Робеспьер приспособил Древний Рим к задачам Французской революции, взломав тем самым, по выражению из «Тезисов», континуум истории. Беньямин хотел взломать континуум культурной традиции, чтобы те, кто был угнетен, смогли увидеть обстоятельства своего существования. Нужно обнаружить варварство, положенное в основание прекрасного. Нужно пробудить массы от сна. Кажущееся нормальным должно предстать извращенным и подавляющим. Беньямин полагал, что знает, как это сделать. «Техническая репродуцируемость произведения искусства впервые в мировой истории освобождает его от паразитарного существования на ритуале», – пишет он. Сила этого афористичного замечания с трудом поддается пониманию, поскольку мы не сразу думаем о том, что произведение искусства связано с ритуалом. Но именно такова, по мнению Беньямина, была его функция. «Древнейшие произведения искусства, – пишет он, – возникли, как известно, чтобы служить ритуалу». Вне всякого сомнения, прыжок от предыдущего предложения к следующему выглядит по меньшей мере парадоксальным. «Иными словами: уникальная ценность “подлинного” произведения искусства основывается на ритуале». Это, однако, совсем не очевидно. Возможно, мы сможем заметить ритуал в поклонении древних греков статуе Венеры, но точно не в тот момент, когда сами смотрим на статую Венеры Милосской в Лувре. Беньямин настаивает на том, говорят его биографы, что если произведение искусства воспроизводится механически, то зрителю или слушателю больше не нужно воспринимать его в месте, посвященном культу этого произведения: в музее, концертном зале или церкви. Здесь, однако, можно возразить, что посещение кинотеатра или прослушивание записи является не менее (но и не более) культовой практикой или ритуалом, чем потребление искусств, не воспроизведенных техническими средствами.

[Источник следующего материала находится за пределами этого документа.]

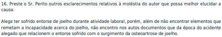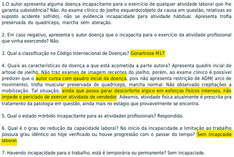 O diagnóstico foi de gonartrose [artrose do joelho] (CID M17). Contudo, à avaliação física, como se vê, não foram constatadas quaisquer alterações em relação à mobilidade do autor, considerando-se que todos os testes e manobras efetuados pelo perito judicial foram negativos. Dessa maneira, o profissional nomeado pelo MM. Juiz concluiu não haver incapacidade, considerando suas atividades laborativas habituais, como se extrai, também, das respostas aos quesitos do ora recorrente (grifei):
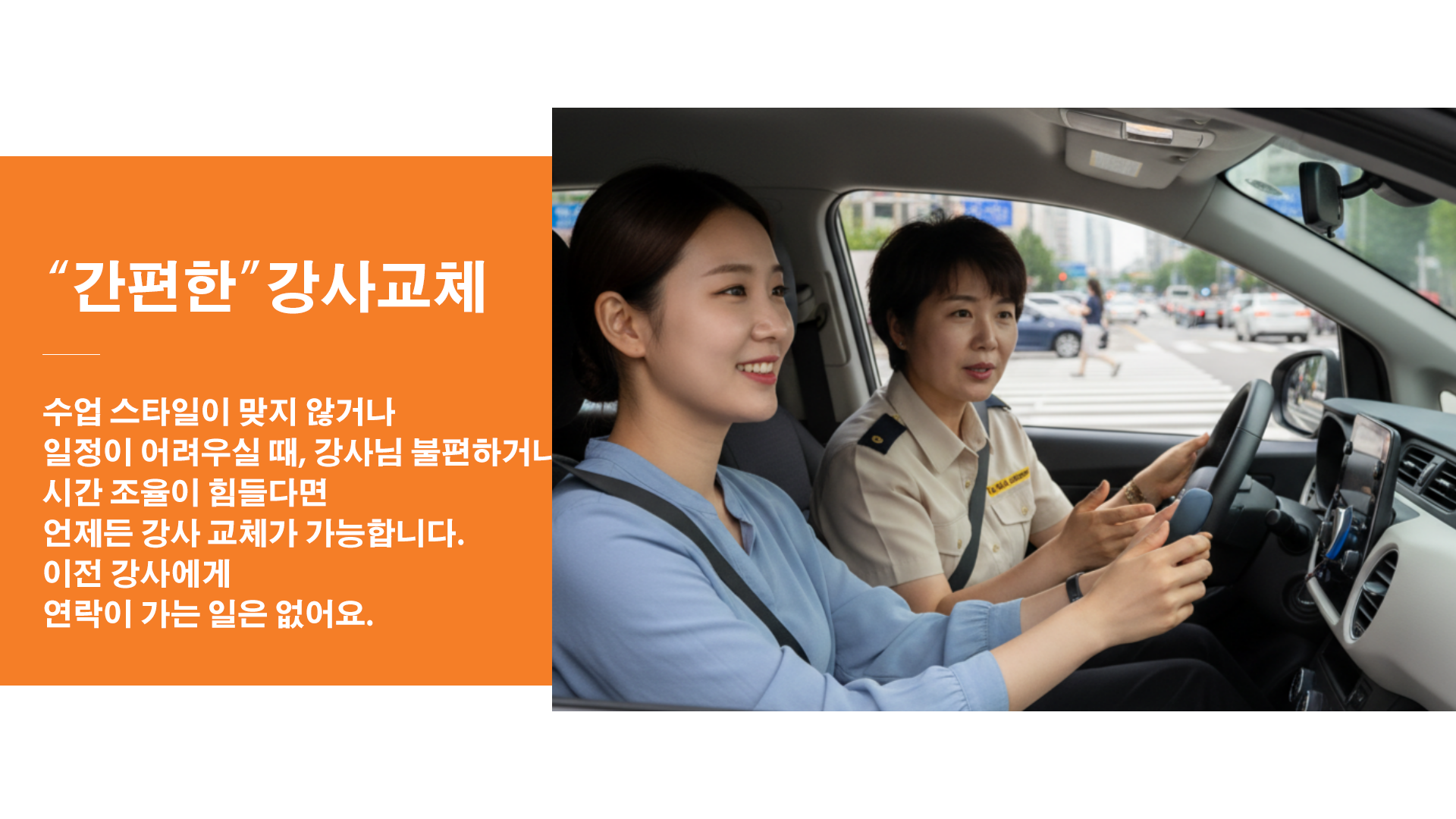 A4. 네. 보조 브레이크 장착 연수 차량 또는 개인 차량 중 선택할 수 있습니다. 자차로 연수 시 실전 적응력이 향상됩니다.
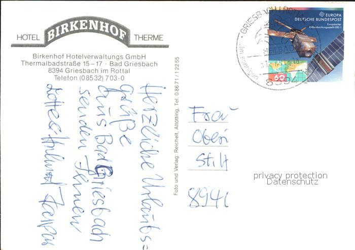 72591412 alte Postkarte Bad Griesbach Rottal Hotel Birkenhof Therme postalisch gelaufen Erhaltung siehe scans [WerneD78] KatCode: 11110009275124
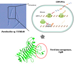 SUMMARY:Cell-penetrating peptide-peptide nucleic acid (CPP-PNA) conjugates were used in this research to characterize the function of hypothetical proteins within a hard-to-transform bacteria, Paenibacillus. In addition to the method being simple we successfully identified the carrageenase responsible for carageenan degradation in this bacterium.
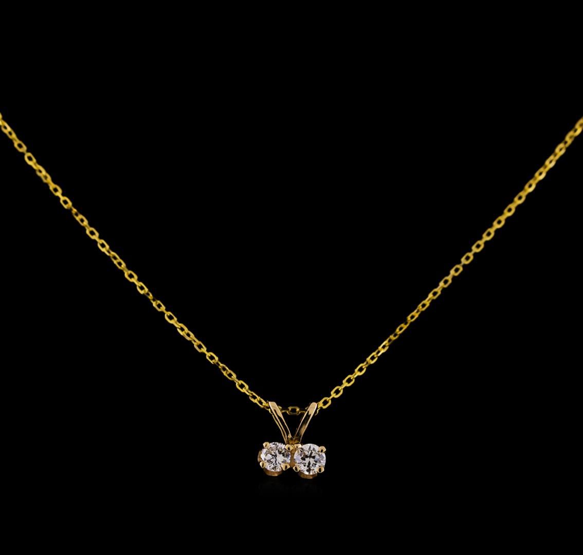 One pendant and chain featuring: 14KT yellow gold weighing 0.50 grams containing two diamonds weighing 0.10ctw.
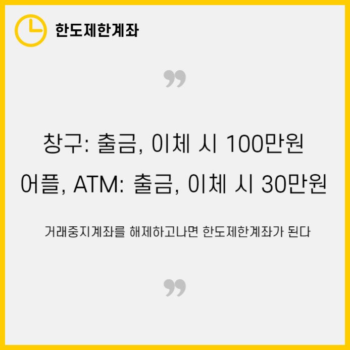 한도제한계좌는 특정 조건 하에 입출금 가능 금액에 제한이 있는 계좌를 말합니다. 적절한 서류 제출 후 복구된 계좌는 다음과 같은 한도가 설정됩니다.

Тезис Беньямина – и это тезис, который нужно реконструировать из вороха его мыслей, поскольку эссе написано в манере, аналогичной техникам монтажа, которыми он так восхищался, – состоит в том, что ритуальная основа искусства сохраняется даже тогда, когда, как в эпоху Возрождения, оно спускается вниз со священных алтарей и присоединяется к светскому культу прекрасного. Картинная галерея и концертный зал – это храмы, открыто себя таковыми не объявляющие. Даже в эпоху смерти Бога и секуляризации прекрасного (от Ренессанса до начала XX века, как примерно определяет Беньямин) произведение искусства все еще основывается на ритуале.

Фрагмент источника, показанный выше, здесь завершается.